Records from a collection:
++++++++

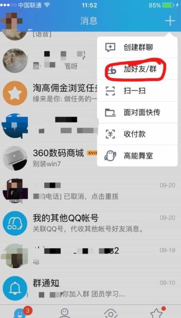 2、选择了“+”号后,选择第二个选项“加好友/加群”,点击进入即可。
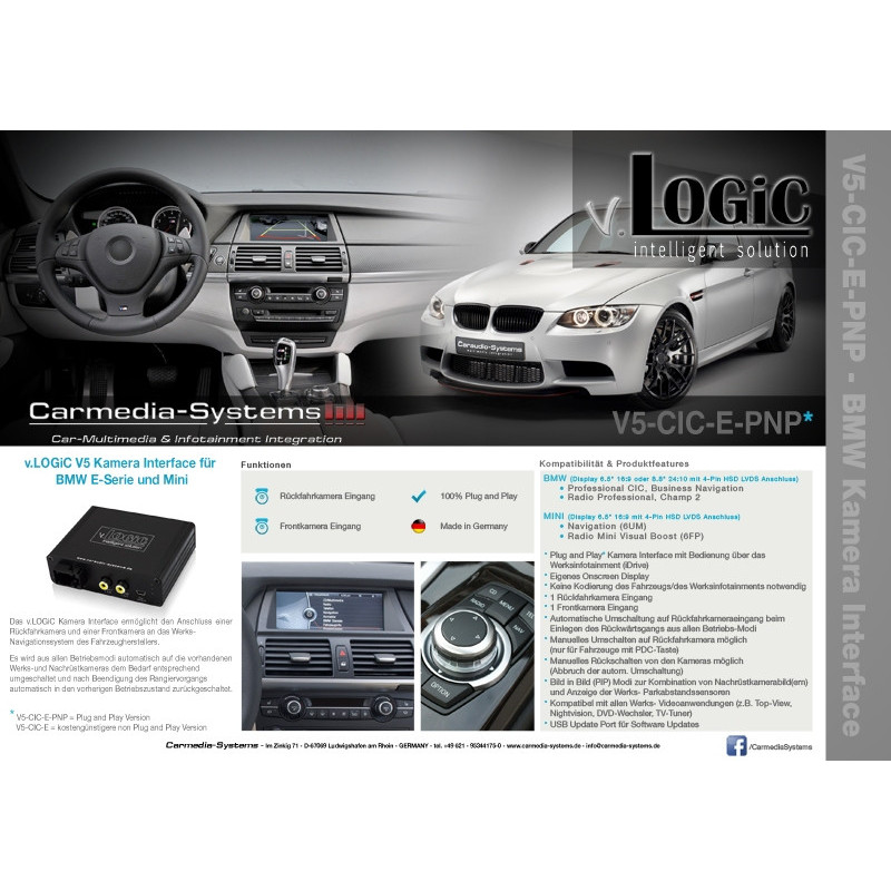 Video Interface for BMW - two connection optionsOur recommended Video Interface for front and rear reversing cameras can be connected in two ways. One is to install it into the car's original radio, and the other is to install it into the Business, Professional Series CIC, or MINI navigation system with IDrive. The interface is compatible with 6- and 8.8-inch displays.
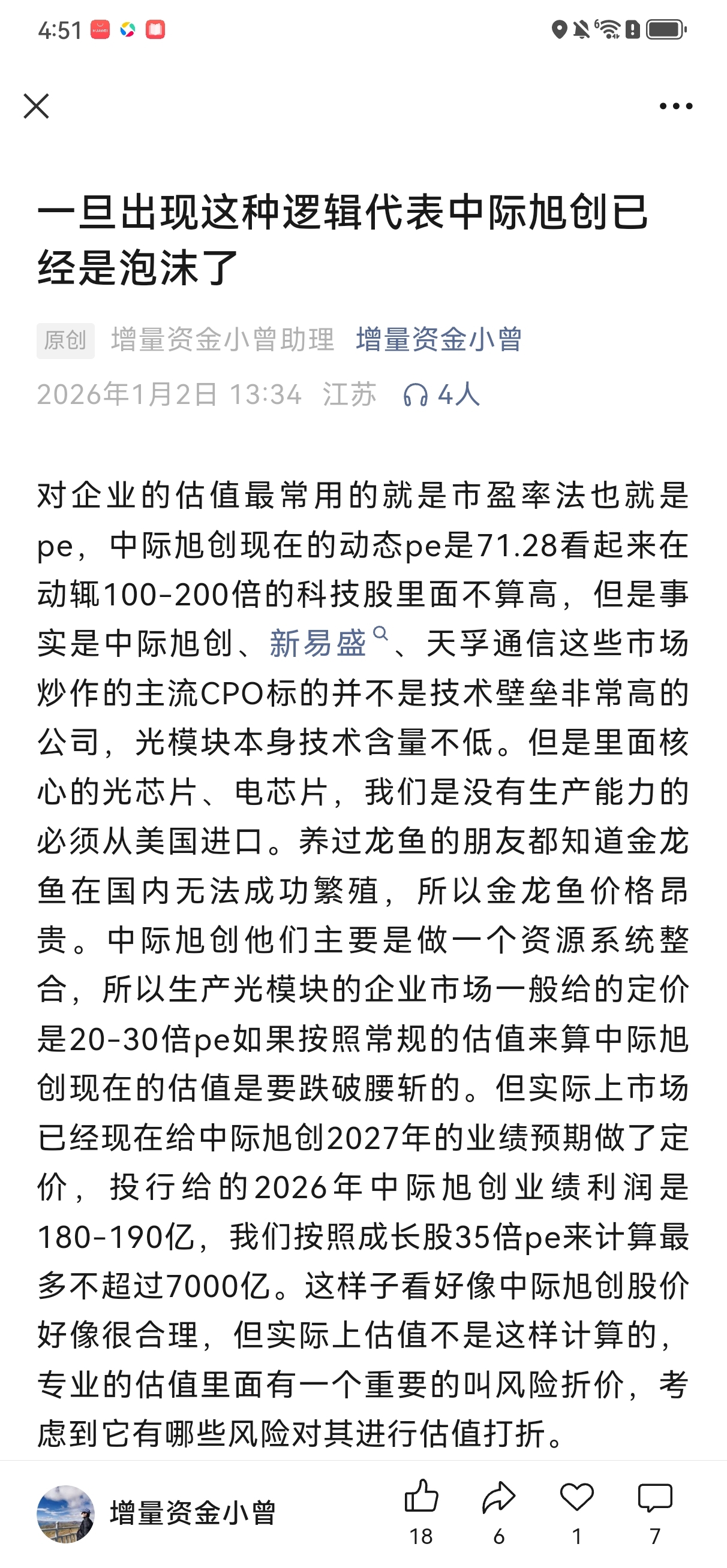 $中际旭创(SZ300308)$ 市值腰斩泡沫
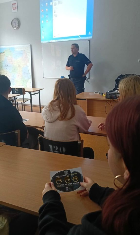 Handel ludźmi to poważne przestępstwo przeciwko wolności człowieka. Funkcjonariusze przedstawili, na czym polega proceder, jak działają grupy przestępcze oraz jakie sygnały ostrzegawcze powinny wzbudzić niepokój. Zwrócili uwagę, że ofiary często są zwabiane obietnicą atrakcyjnej pracy lub lepszych zarobków, a w rzeczywistości trafiają w sytuacje wyzysku.
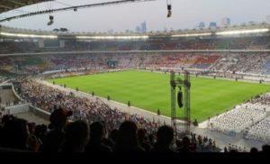 Tidak ada satu pun orang pun yang menginjak-injak rumput Stadion Utama Gelora Bung Karno, Jakarta Pusat, selama misa suci yang dipimpin Paus Fransiskus, Kamis (5/9). Rumput lapangan sepak bola yang akan dipergunakan untuk menghadapi Australia pada putaran ketiga kualifikasi Piala Dunia, Selasa (10/9), tidak digunakan selama perayaan misa.
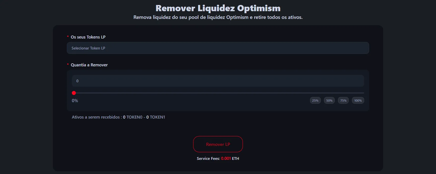Remover liquidez do seu pool de tokens Optimism é um processo rápido e simples com a Alphecca. Quer seja para recuperar ativos, ajustar estratégias ou migrar para outra cadeia, sem necessidade de conhecimentos de programação. Conecte a sua carteira, escolha o seu pool e retire.
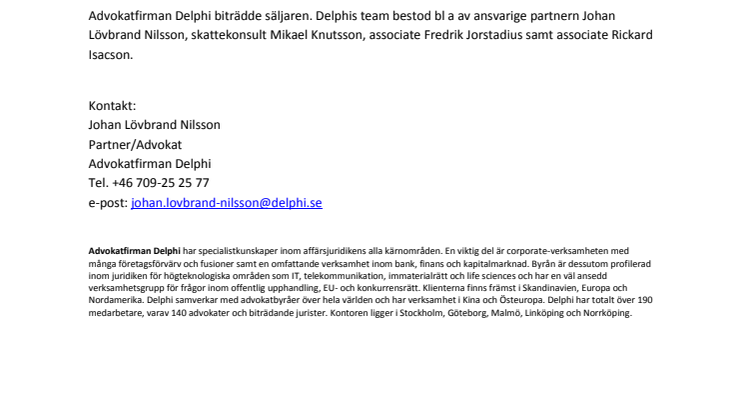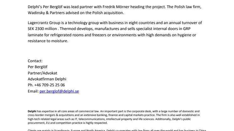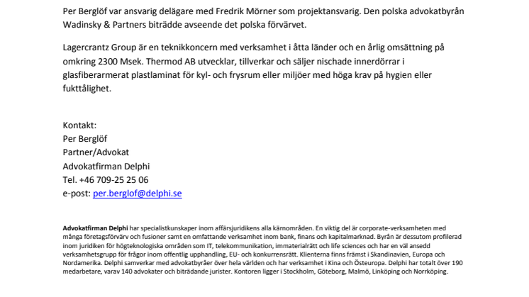 • Delphi rådgivare till Lagercrantz Group i samband med förvärvet av Thermod AB
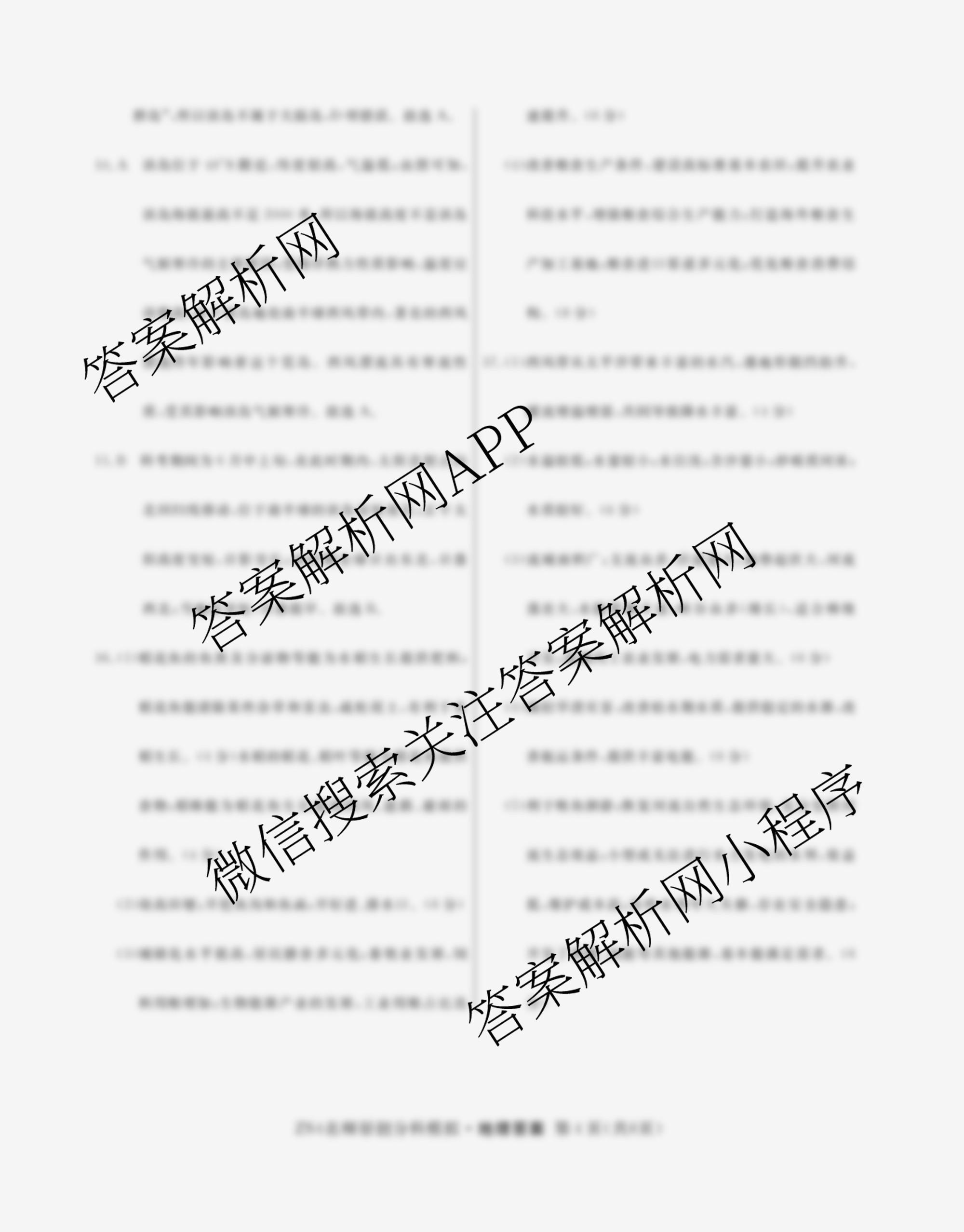 - (高三)2024届总复习名师原创分科模拟(八)8文综(S4)答案

++++++++

# EXERCISE OBJECTIVE:
Within the data above, repeat exactly the lines from the one bearing "Handel ludźmi to" through the one bearing "Tidak ada satu". Include no pictures and nothing else.

# SOLUTION:
 Handel ludźmi to poważne przestępstwo przeciwko wolności człowieka. Funkcjonariusze przedstawili, na czym polega proceder, jak działają grupy przestępcze oraz jakie sygnały ostrzegawcze powinny wzbudzić niepokój. Zwrócili uwagę, że ofiary często są zwabiane obietnicą atrakcyjnej pracy lub lepszych zarobków, a w rzeczywistości trafiają w sytuacje wyzysku.
 Tidak ada satu pun orang pun yang menginjak-injak rumput Stadion Utama Gelora Bung Karno, Jakarta Pusat, selama misa suci yang dipimpin Paus Fransiskus, Kamis (5/9). Rumput lapangan sepak bola yang akan dipergunakan untuk menghadapi Australia pada putaran ketiga kualifikasi Piala Dunia, Selasa (10/9), tidak digunakan selama perayaan misa.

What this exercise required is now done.